Life isn't fair, so let it be ethical

February 05, 2014

A few times a month, at least, I get the question, “Which of your coffees are Organic/Fair Trade?” The 
answer is never straight-forward. Simply stating that at Flat Black we are conscientious in our selection 
of green (unroasted) coffees sounds as if I am evading the question; on the other hand, going into a 
long-winded discussion about how the terms ‘organic’ and ‘fair trade’ are not particularly relevant to the 
small scale farms and co-ops from which we tend to purchase sounds like I’m trying to cover something 
up: that we don’t use those terms because we’re not concerned about the socio-ecological impact of 
Neither response is incorrect; however, it is the approach that is misguided. For the consumers 
who simply want a coffee with an official certification, we have that. The Timor Maubese is extremely 
popular, available on our shelves just about year-round, and is Organic/Fair Trade to boot. What’s 
missing is the question, “Why?” It is organic for a reason, and a fascinating one at that: After years of 
civil war on the newly divided island of Timor in 2002, the fledgling economy turned to coffee as a major 
export. While coffee had nominally been grown on the island during Portuguese occupation, 
independence from Indonesia turned it into a cash crop. From its inception, the coffee farming 
community was committed to a high-quality, sustainably grown crop and never had to retro-fit 
generations-old plantations growing conventional produce. [1, 2]
On the other side of the world rests Panama.
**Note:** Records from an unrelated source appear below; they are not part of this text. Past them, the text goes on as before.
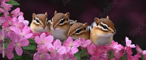Obraz premium Adorable chipmunks nestle among vibrant spring blossoms in this charming scene.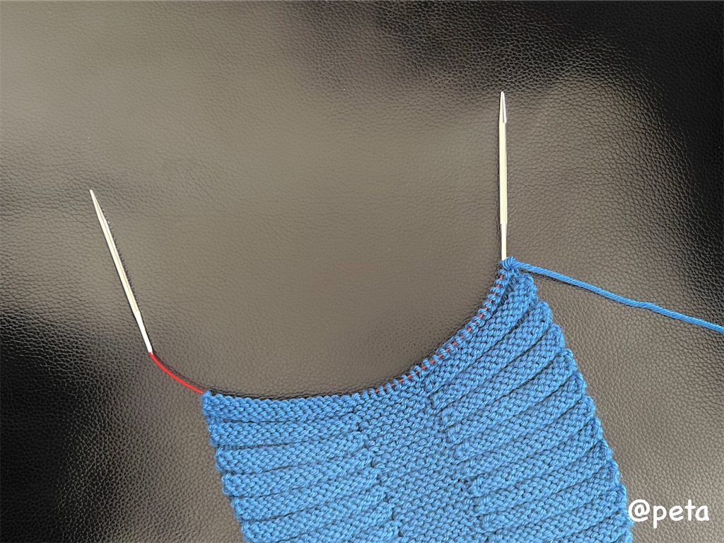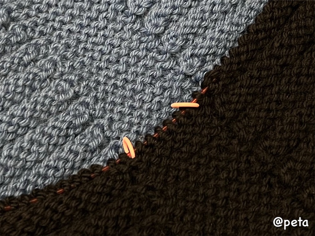 引き返し編みは迷子になりやすいこともあり、途中から目数リングを2つ使いました。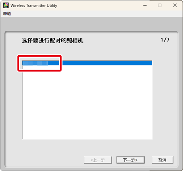 确认已列出步骤2中所示的照相机名称后,单击下一步。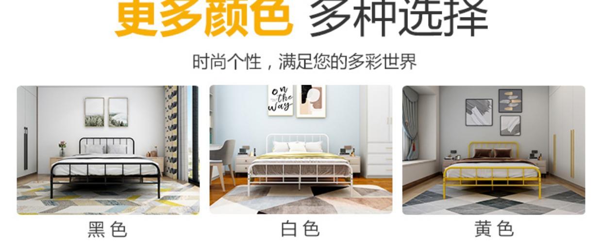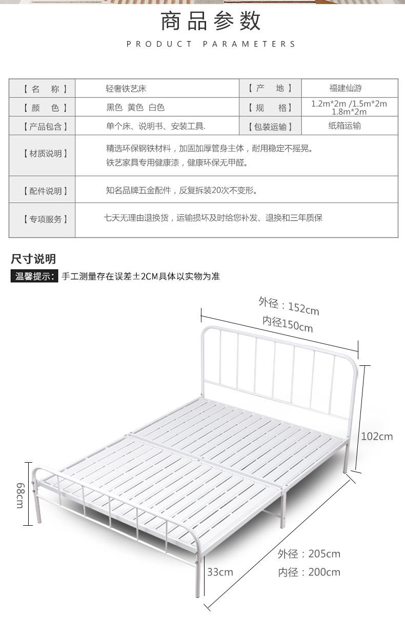 Black bed frame (no bed board and no mattress) bold and thickened, White bed frame (no bed board, no mattress)...

The volcano Barú in the Boqueté region is home to 
the family owned brand Barú Indian High. The family owns several estates on the peak and have made a 
commitment to maintaining the unique characteristics of their crop for which the generations previous 
were known. Yet, despite the attention the family pays to a superior product, it carries no official 
designations such as Organic or Fair Trade. It just so happens that, as a small company, they are able to 
allow only the highest-grade beans to leave the farms; ethics and sustainability are inherent in the way 
the company operates. [3]
When I buy or taste coffee, I focus on its story. Certifications may tell a piece of the story, or 
may allude to some aspect of it; really, though, I want to be able to taste the origin in my cup. What 
does a Panamanian volcano taste like? Being able to answer this question in a cup of coffee without a 
doubt assures me that the people responsible for making that cup took fantastic care of it, from seed to 
brew. Organic and Fair Trade certifications are not necessarily to be cast aside, but oftentimes a superior 
product is created from a passion for quality that cannot be summed up in an official designation. Let 
the coffee tell its story and you may find a human connection beyond what you ever expected.


susan maguire:

Just saw your company on Chronicle. Very interested. Not really sure what name to order without tasting. We like our coffee very strong.
Have any suggestions?

Sue Maguire

February 11 2014

Rose Milefsky:

Hi, Sue! Thank you for your comment. This is Rose, the author of the post and leader of Flat Black’s 50 Broad Street location.

As far as ordering a strong cup of coffee goes, all of our coffees are “strong” in their own ways. If you stop into one of our locations, our baristas would be happy to let you sample the brewed coffees (we have three every day) and are always ready to answer questions about the product.